PROVIDED MATERIAL:

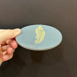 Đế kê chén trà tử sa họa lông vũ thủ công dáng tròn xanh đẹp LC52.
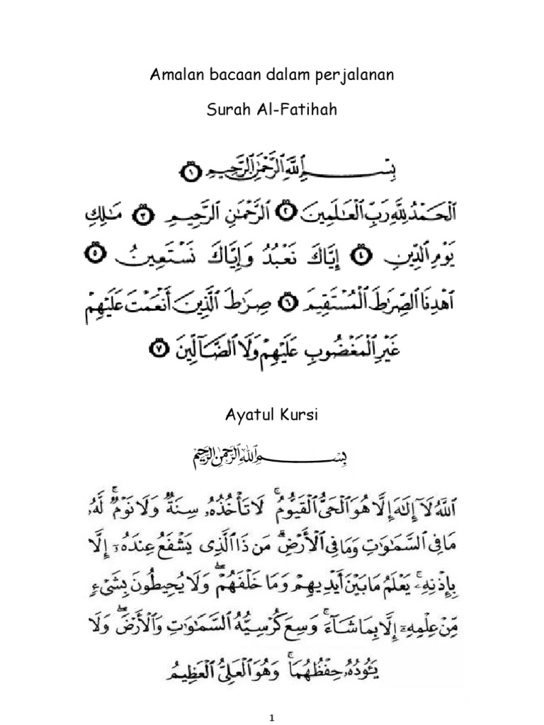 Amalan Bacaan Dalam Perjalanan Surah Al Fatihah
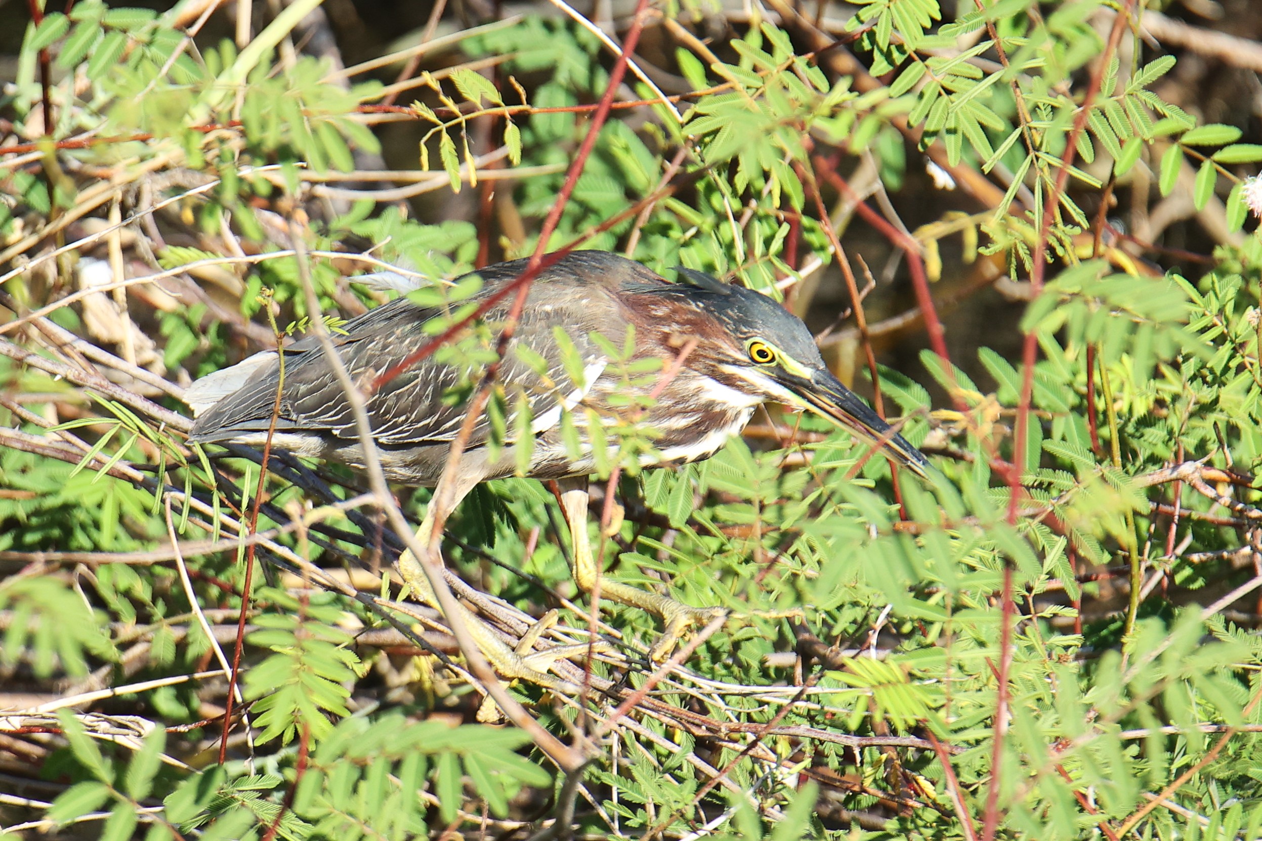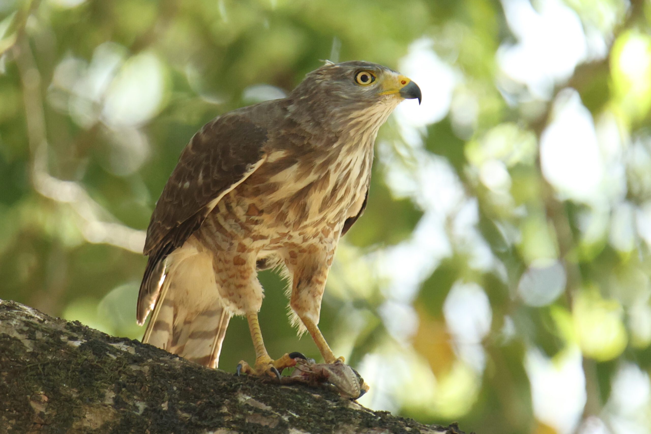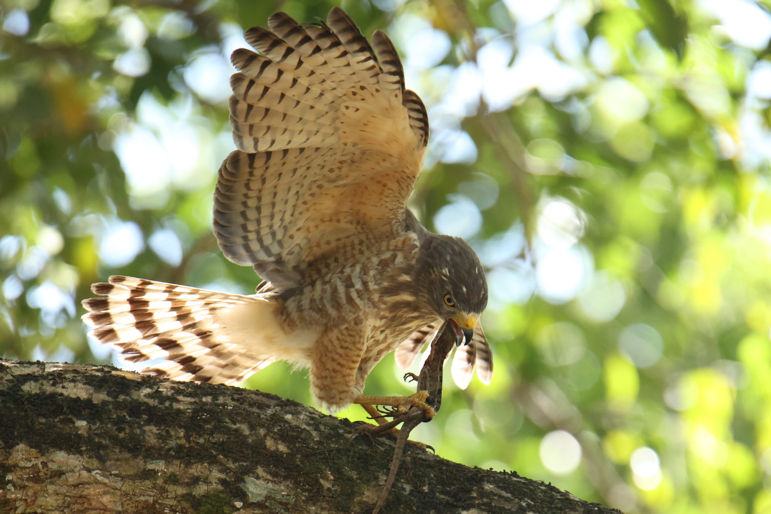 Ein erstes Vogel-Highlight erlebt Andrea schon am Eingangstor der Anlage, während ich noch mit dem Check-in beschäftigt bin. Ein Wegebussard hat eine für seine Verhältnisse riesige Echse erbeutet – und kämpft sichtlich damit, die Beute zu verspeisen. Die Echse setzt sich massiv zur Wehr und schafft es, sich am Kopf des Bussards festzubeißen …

DIRECTIONS: Please reproduce all the material exactly. Pictures stay out of the copy.

RESULT OF THE EXERCISE:
 Đế kê chén trà tử sa họa lông vũ thủ công dáng tròn xanh đẹp LC52.
 Amalan Bacaan Dalam Perjalanan Surah Al Fatihah
 Ein erstes Vogel-Highlight erlebt Andrea schon am Eingangstor der Anlage, während ich noch mit dem Check-in beschäftigt bin. Ein Wegebussard hat eine für seine Verhältnisse riesige Echse erbeutet – und kämpft sichtlich damit, die Beute zu verspeisen. Die Echse setzt sich massiv zur Wehr und schafft es, sich am Kopf des Bussards festzubeißen …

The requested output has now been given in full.